__Materials provided__.
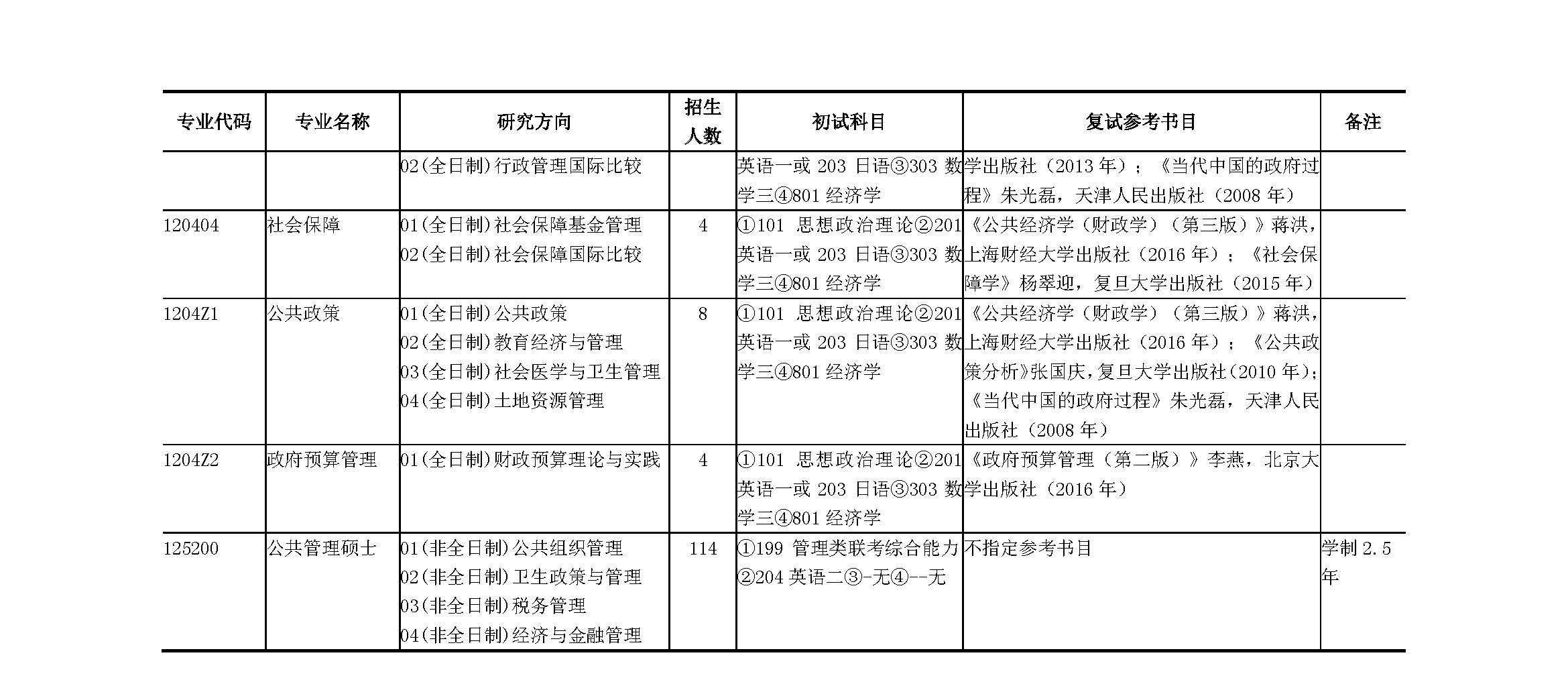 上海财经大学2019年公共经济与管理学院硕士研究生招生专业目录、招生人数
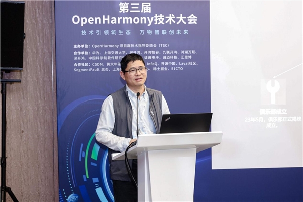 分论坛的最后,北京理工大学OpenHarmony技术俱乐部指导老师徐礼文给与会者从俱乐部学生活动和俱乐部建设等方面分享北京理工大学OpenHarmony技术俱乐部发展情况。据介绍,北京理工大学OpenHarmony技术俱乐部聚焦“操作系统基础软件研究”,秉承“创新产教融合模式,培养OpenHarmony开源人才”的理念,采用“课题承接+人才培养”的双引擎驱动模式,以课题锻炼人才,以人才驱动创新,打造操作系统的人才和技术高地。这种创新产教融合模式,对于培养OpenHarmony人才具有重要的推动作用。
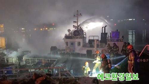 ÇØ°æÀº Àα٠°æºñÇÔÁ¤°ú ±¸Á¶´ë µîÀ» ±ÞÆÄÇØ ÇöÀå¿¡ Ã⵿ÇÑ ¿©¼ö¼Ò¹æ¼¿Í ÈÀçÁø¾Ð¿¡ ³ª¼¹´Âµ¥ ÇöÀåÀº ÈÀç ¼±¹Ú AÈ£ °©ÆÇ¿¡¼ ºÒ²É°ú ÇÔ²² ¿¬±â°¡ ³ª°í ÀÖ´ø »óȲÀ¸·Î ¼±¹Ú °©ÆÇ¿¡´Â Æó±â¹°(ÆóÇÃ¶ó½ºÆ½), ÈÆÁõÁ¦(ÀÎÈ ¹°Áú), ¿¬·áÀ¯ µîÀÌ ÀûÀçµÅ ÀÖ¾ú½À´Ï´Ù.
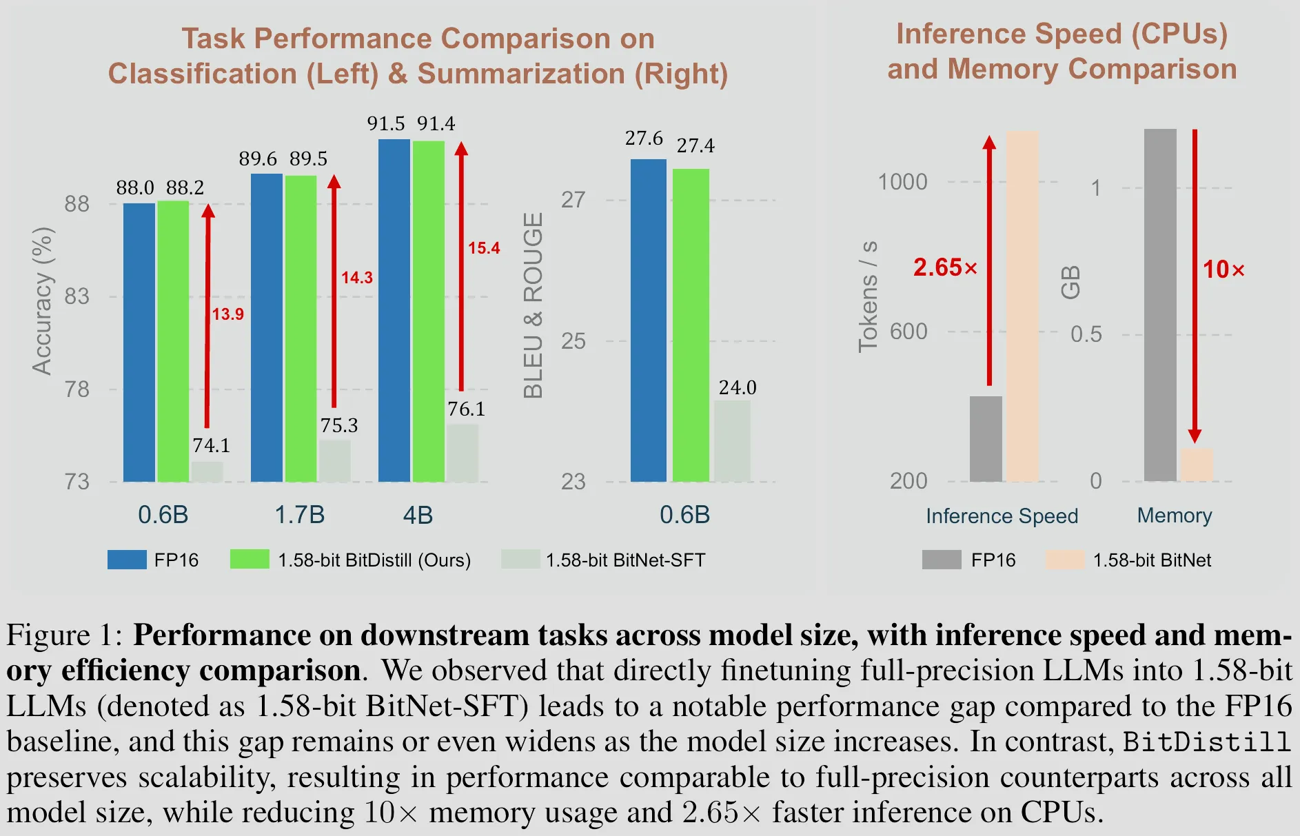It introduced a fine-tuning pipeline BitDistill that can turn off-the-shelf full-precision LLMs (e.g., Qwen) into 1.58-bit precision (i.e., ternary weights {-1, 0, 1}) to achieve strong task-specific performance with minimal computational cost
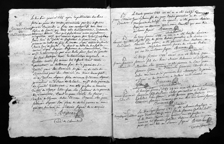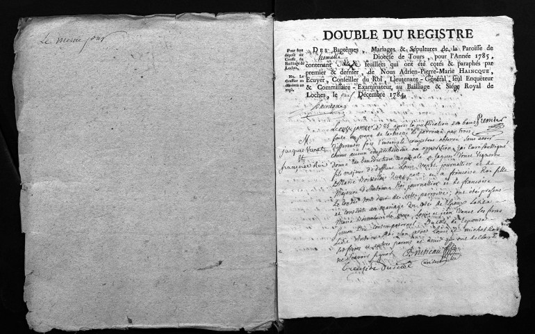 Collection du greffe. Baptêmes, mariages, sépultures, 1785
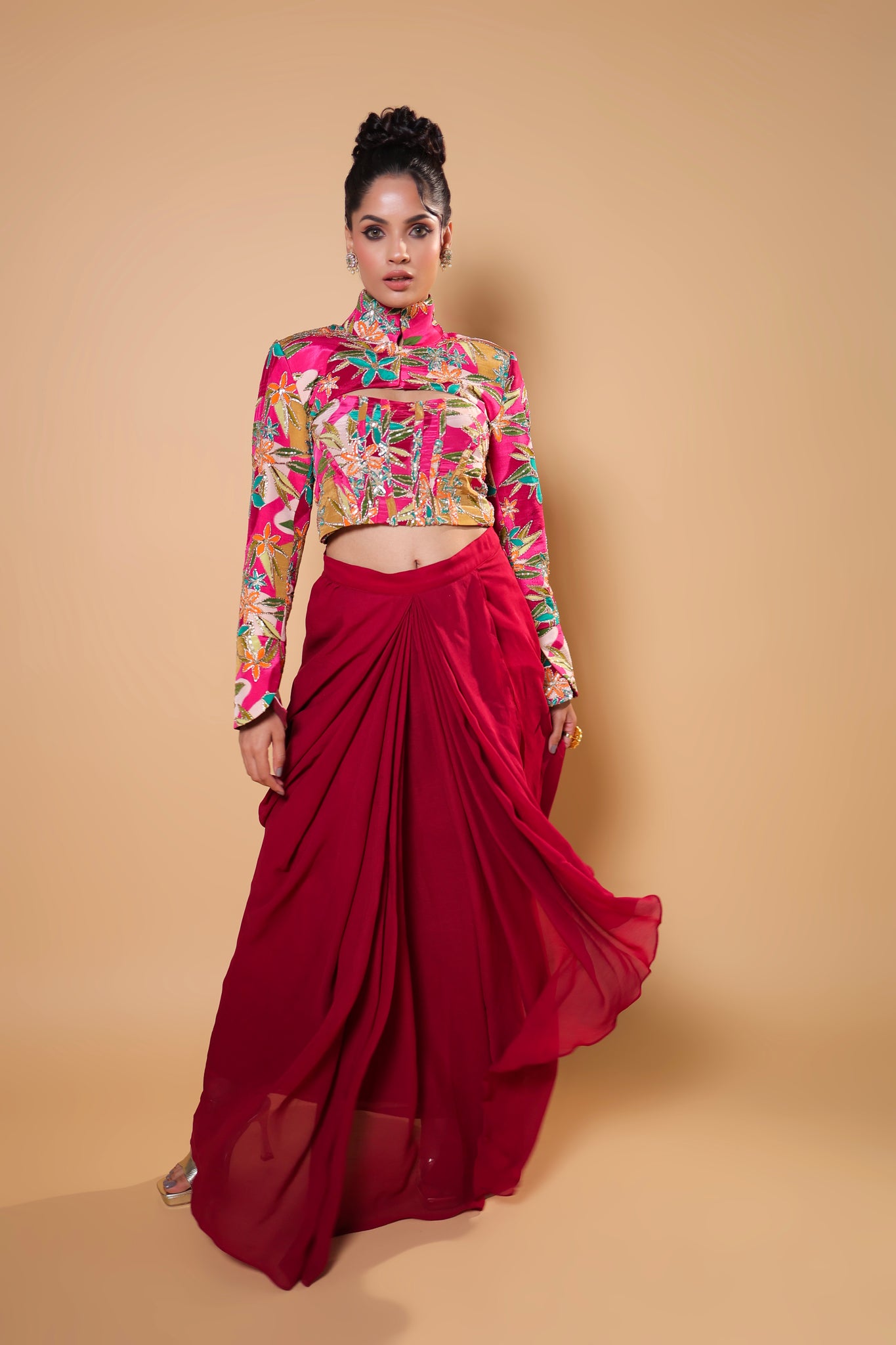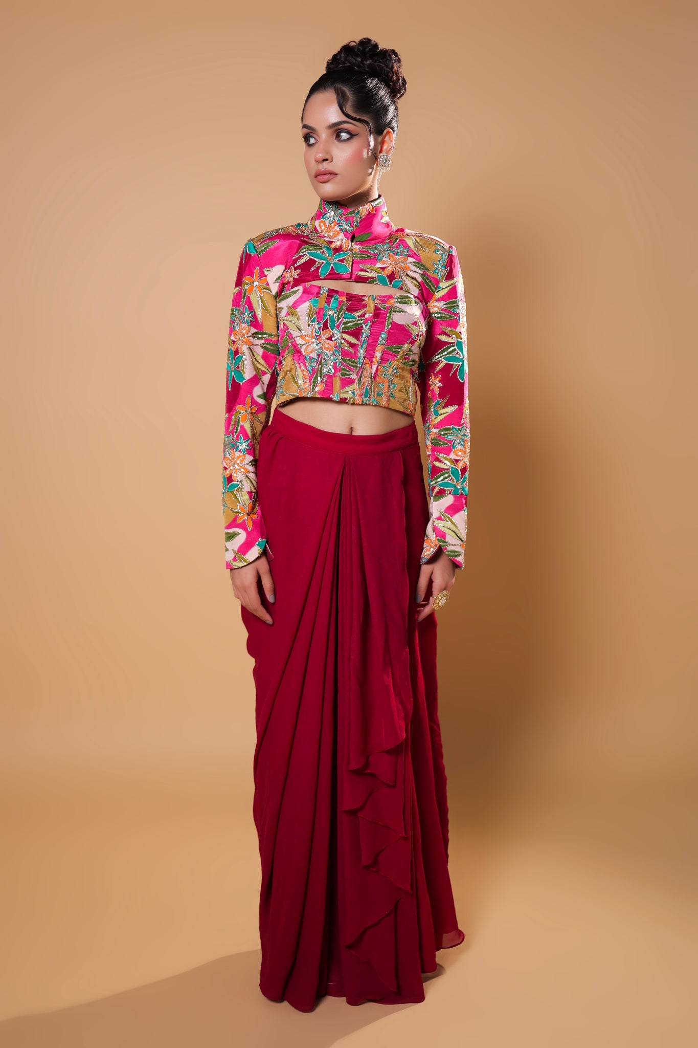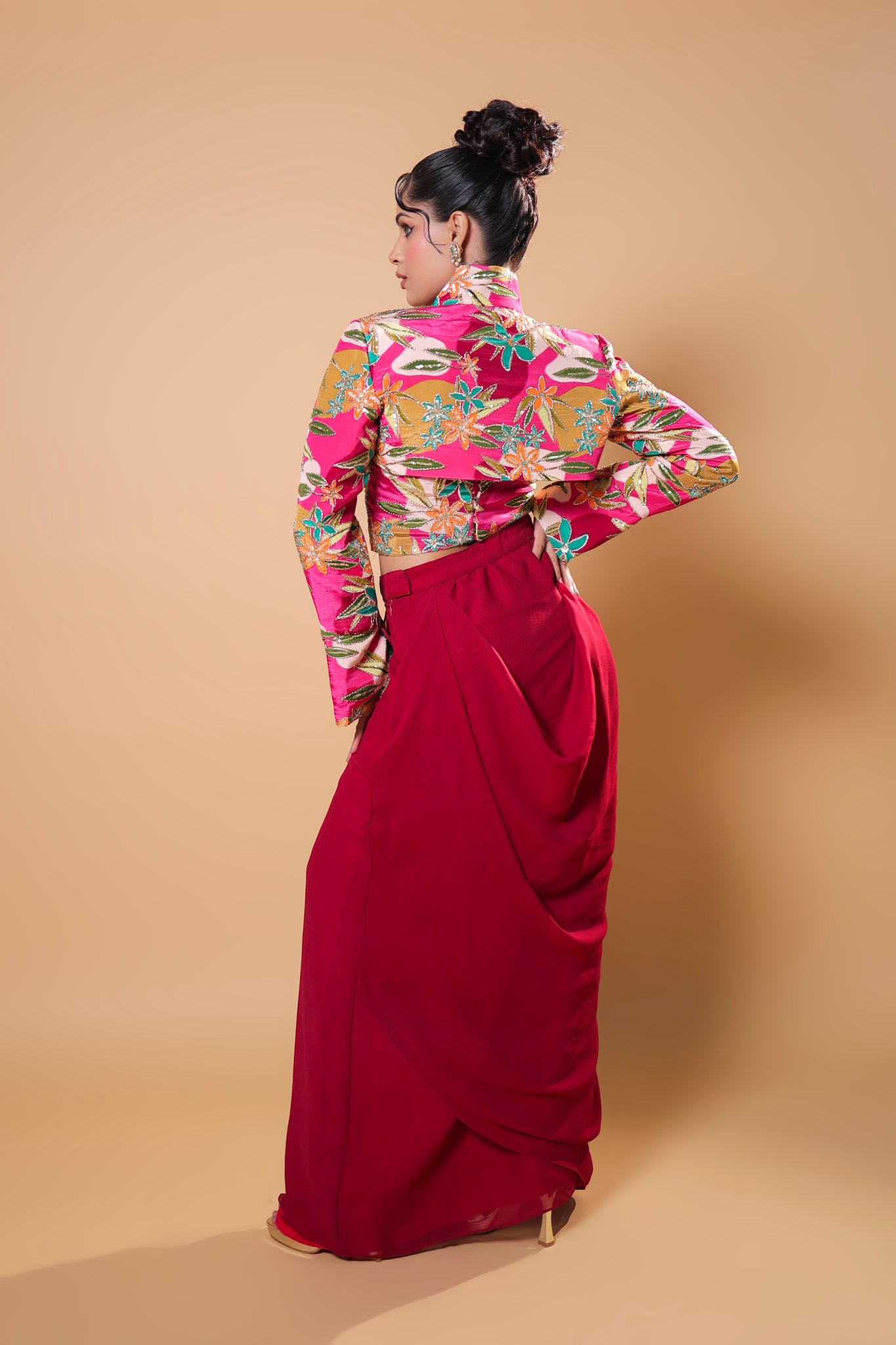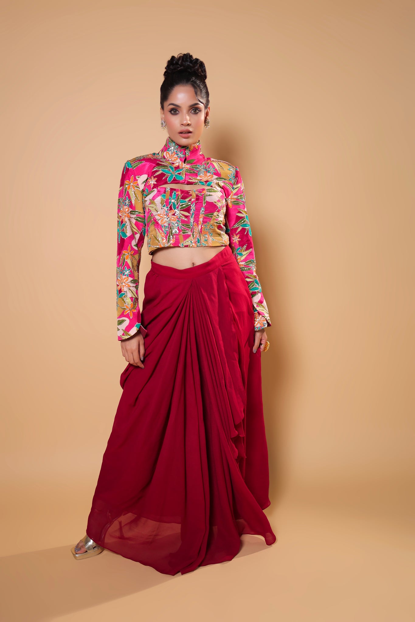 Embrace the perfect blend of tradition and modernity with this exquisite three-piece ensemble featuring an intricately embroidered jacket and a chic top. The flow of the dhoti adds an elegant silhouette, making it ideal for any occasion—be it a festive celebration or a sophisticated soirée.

__What to work on__.
Please write out the lines from the one that holds "ÇØ°æÀº Àα٠°æºñÇÔÁ¤°ú ±¸Á¶´ë" through the end of the material, both ends included, exactly and with no pictures.

__Exercise output__.
 ÇØ°æÀº Àα٠°æºñÇÔÁ¤°ú ±¸Á¶´ë µîÀ» ±ÞÆÄÇØ ÇöÀå¿¡ Ã⵿ÇÑ ¿©¼ö¼Ò¹æ¼¿Í ÈÀçÁø¾Ð¿¡ ³ª¼¹´Âµ¥ ÇöÀåÀº ÈÀç ¼±¹Ú AÈ£ °©ÆÇ¿¡¼ ºÒ²É°ú ÇÔ²² ¿¬±â°¡ ³ª°í ÀÖ´ø »óȲÀ¸·Î ¼±¹Ú °©ÆÇ¿¡´Â Æó±â¹°(ÆóÇÃ¶ó½ºÆ½), ÈÆÁõÁ¦(ÀÎÈ ¹°Áú), ¿¬·áÀ¯ µîÀÌ ÀûÀçµÅ ÀÖ¾ú½À´Ï´Ù.
It introduced a fine-tuning pipeline BitDistill that can turn off-the-shelf full-precision LLMs (e.g., Qwen) into 1.58-bit precision (i.e., ternary weights {-1, 0, 1}) to achieve strong task-specific performance with minimal computational cost
 Collection du greffe. Baptêmes, mariages, sépultures, 1785
 Embrace the perfect blend of tradition and modernity with this exquisite three-piece ensemble featuring an intricately embroidered jacket and a chic top. The flow of the dhoti adds an elegant silhouette, making it ideal for any occasion—be it a festive celebration or a sophisticated soirée.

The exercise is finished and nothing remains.